Syria talks open overshadowed by rival track, opposition losses

UN Special Envoy for Syria Staffan de Mistura attends the fourth round of Syria peace talks in Astana on May 5, 2017. / AFP / Stanislav FILIPPOV

BEIRUT: A new round of Syrian peace talks opens in Geneva on Tuesday, overshadowed by a competing process in Astana and with the opposition reeling from a major setback in Damascus.
Since it broke out in March 2011, Syria’s conflict has killed more than 320,000 people, displaced millions and ravaged the country’s economy and infrastructure.
Efforts to end the war are now proceeding along two rival tracks: the formal political peace process hosted at United Nations headquarters in Geneva and, since January, parallel talks in Kazakhstan brokered by Russia, Iran and Turkey.
Observers say the UN appears to be scrambling to match Astana’s momentum after a landmark deal signed in Kazakhstan on May 4 that would create four “de-escalation” zones across some of Syria’s bloodiest battlegrounds.
UN special envoy Staffan de Mistura however stressed to reporters on Monday that the Geneva talks were working “in tandem” with the Astana process.
He has said the upcoming talks, which are expected to last just four days, aimed to “hit the iron while it’s hot,” with the hope that de-escalation on the ground can help push forward toward “a political horizon.”
Since the Astana deal came into effect a week ago, fighting has slowed across swathes of the country.
But in Damascus, which is not included in the deal, the regime has secured the evacuation of three opposition-held districts, bringing it closer to exerting full control over the capital for the first time since 2012.
Numerous rounds of UN-backed talks have fallen short of producing concrete results, although during the last round in March the sides finally began discussing four separate “baskets” of issues: governance, a new constitution, elections and combating “terrorism” in the war-ravaged country.
Aron Lund, a fellow at The Century Foundation, said that despite Geneva’s important “symbolic value, it isn’t moving forward in any visible way.”
“In practice, the Geneva track has largely been sidelined by the Astana track, at least for now,” Lund said.
Delegations were arriving in Geneva on Monday, a day before the talks start.
The Syrian regime team will be headed once again by its UN ambassador Bashar Al-Jaafari.
The opposition delegation will be represented by the Riyadh-based High Negotiations Committee and led again by Nasr Al-Hariri and Mohammad Sabra.
The HNC has continued to call for the ouster of President Bashar Assad as part of a political transition, a demand seen as a non-starter by the Syrian regime.
“By design, the Geneva process revolves around this dead-end demand for a negotiated transition,” Lund told AFP.
“In terms of actually trying to stabilize Syria, the main effect of pegging peace to transition has been to marginalize the UN in Geneva and shift attention to Astana instead,” he said.
Opposition backer Turkey and regime allies Russia and Iran sponsored the first talks in Astana in late January to reinforce a faltering cease-fire.
They have since returned for several meetings, culminating this month in the safe zones deal.
Assad has brushed off the upcoming Geneva negotiations as “merely a meeting for the media.”
“There is nothing substantial in all the Geneva meetings.
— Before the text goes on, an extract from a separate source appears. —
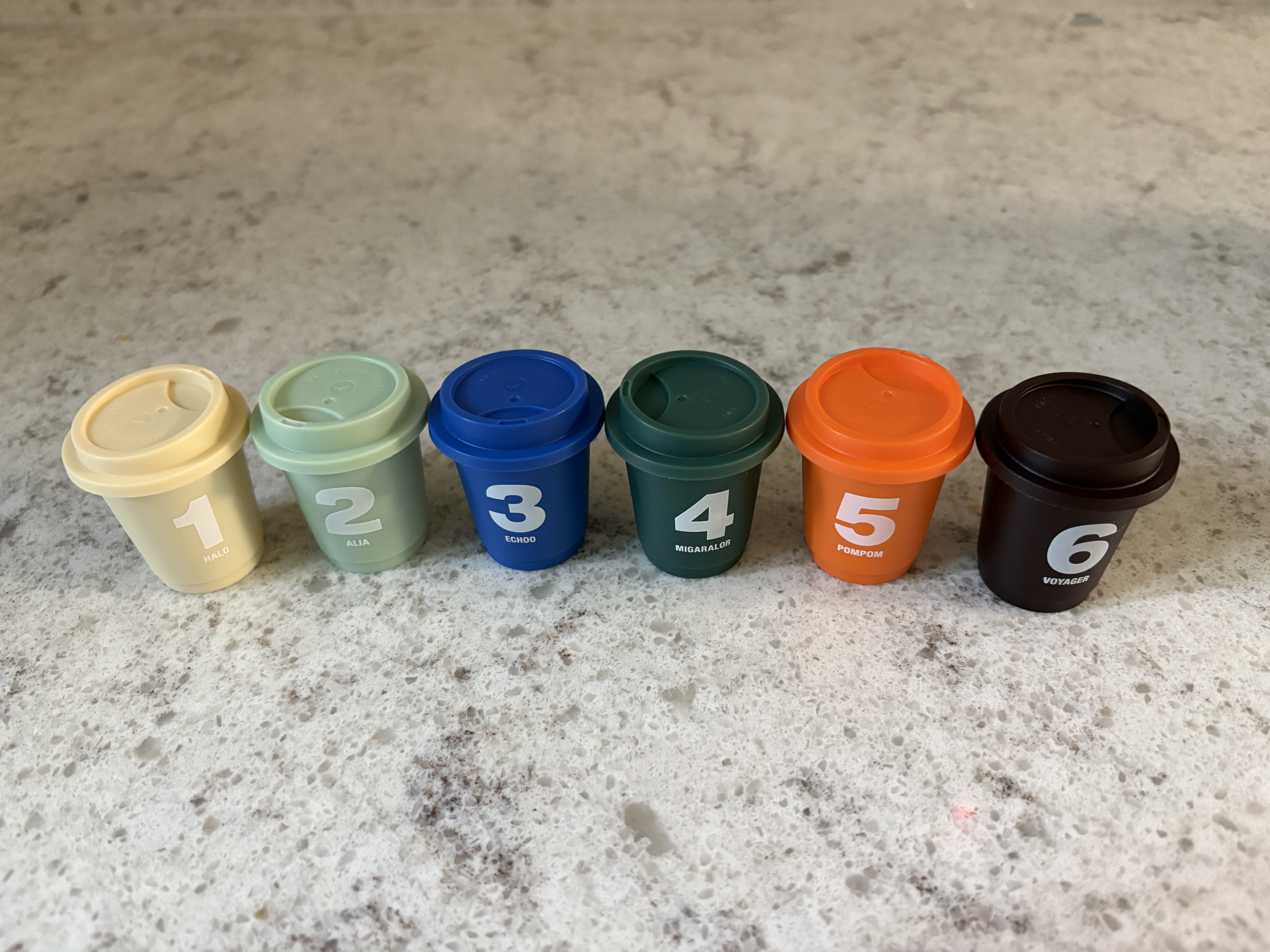 하나하나 작은 캡슐처럼 생긴 미니컵에 담겨 있어 보관도 편하고, 사무실 옆사람 사람들에게 하나씩 주어도 손색없을 것 같더라고요.

Not even one per million. It is null,” Assad said in a recent interview with Belarus’s ONT channel.
“As to Astana, the situation is different... This started to produce results,” Assad said.
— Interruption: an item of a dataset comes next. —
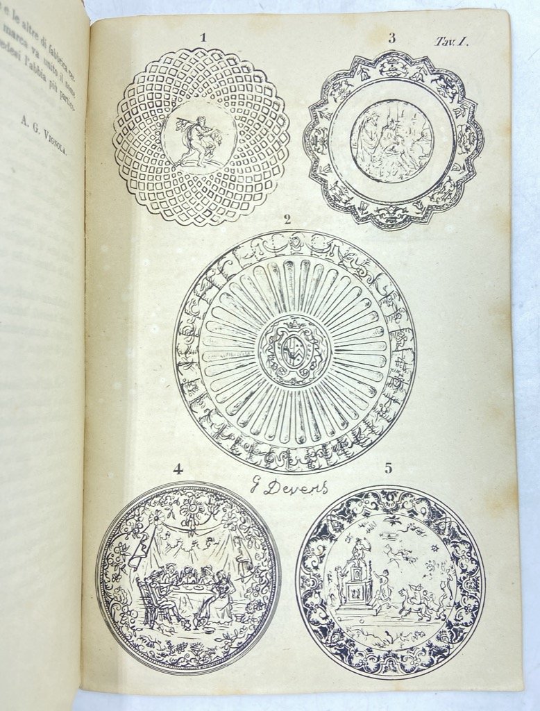 SULLE MAIOLICHE E PORCELLANE DEL PIEMONTE CON UNA APPENDICE SULLE ANTICHE MAIOLICHE DI SAVONA. CENNI STORICI ED ARTISTICI DELL’AVVOCATO GIOVANNI VIGNOLA.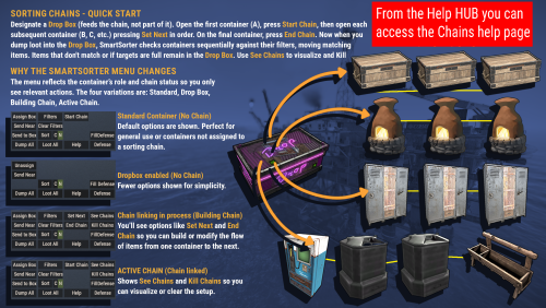 Transform your Rust base management with Smart Sorter - the ultimate automated inventory system that gives you back your most valuable resource: TIME. Stop manually sorting loot. Stop running between boxes. Stop re-arming turrets one by one. Smart Sorter handles it all with intelligent automation and an intuitive visual interface.

De Mistura on Monday downplayed Assad’s comments, pointing out that the Syrian president had sent a large, high-level delegation to Geneva, and “they are empowered to serious discussions and they are here to work.”
He said his dealings with the regime delegation had been “much more substantive than just those general comments that are made for the cameras.”
Syrian peace efforts have also been marked in recent months by Washington’s all-but withdrawal from the process under President Donald Trump.
The previous US administration, in particular then-secretary of state John Kerry, was deeply involved in the Geneva process but since Trump took office Washington has played little apparent role.
But de Mistura said Monday he was “encouraged by the increasing engagement, the increasing interest, by the US administration in finding a de-escalation.”